How long should you worry about identity theft in the wake of the Equifax hack? The correct answer might turn out to be “as long as you live.” If your personal data was copied in this cybercrime, you should at least scrutinize your credit, bank, and investment account statements in the near term. You may have to keep up that vigilance for years to come.

Cybercrooks are sophisticated in their assessment of consumer habits and consumer memories. They know that eventually, many Americans will forget about the severity and depth of this crime – and that could be the right time to strike. All those stolen Social Security and credit card numbers may be exploited in the 2020s rather than today. Or, perhaps these criminals will just wait until Equifax’s offer of free credit monitoring for consumers expires.

Equifax actually had its data breached twice this year. On September 18, Equifax said that their databases had been entered in March, nearly five months before the well-publicized, late-July violation. Its spring security effort to prevent another hack failed. Bloomberg has reported that the same hackers may be responsible for both invasions.2

Should you accept Equifax’s offer to try and protect your credit? Many consumers have, but with reservations. Some credit monitoring is better than none, but those who signed up for Equifax's TrustedID Premier protection agreed to some troubling fine print. By enrolling in the program, they may have waived their right to join any class action lawsuits against Equifax. Equifax claims this arbitration clause does not apply to consumers who sought protection in response to the hack, but lawyers are not so sure.1

Should you freeze your credit? Some analysts recommend this move. You can request all three major credit agencies (Equifax, Experian, TransUnion) to do this for you. Freezing your credit accounts has no effect on your credit score. It stops a credit agency from giving your personal information to a creditor, which should lower your risk for identity theft.
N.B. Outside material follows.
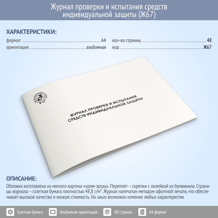 Журнал проверки и испытания средств индивидуальной защиты (48 стр., Ж67) в Улан-Удэ купить

The only hassle here is that if you want to buy a home, rent an apartment, or get a new credit card, you will have to pay a fee to each of the three firms to unfreeze your credit.1

Three other steps may improve your level of protection. Change your account passwords; this simple measure could really strengthen your defenses. Choose two-factor authentication when it is offered to you – this is when an account requires not just a password, but a second code necessary for access, which is sent in a text message to the accountholder’s mobile device. You can also ask for fraud alerts to be placed on your credit reports, but you must keep renewing them every 90 days.1

What other tools can help watch over your statements? If your bank, credit union, or credit card issuer does not offer identity theft protection and credit monitoring, consider free apps such as Credit Karma, Credit Sesame, and Clarity Money. Apart from simply protecting your credit and bank accounts, programs like EverSafe, Identity Guard, and LifeLock have the capability to scan the “dark web” where personal information is sold in addition to monitoring your credit reports. (You may be able to take advantage of a free, 30-day trial.)1

When a pillar of worldwide credit reporting has its data stolen twice in five months, the trust of the public is shaken. The lesson for the consumer, as depressing as it may be, is not to be too trusting of the online avenues and vaults through which personal information passes.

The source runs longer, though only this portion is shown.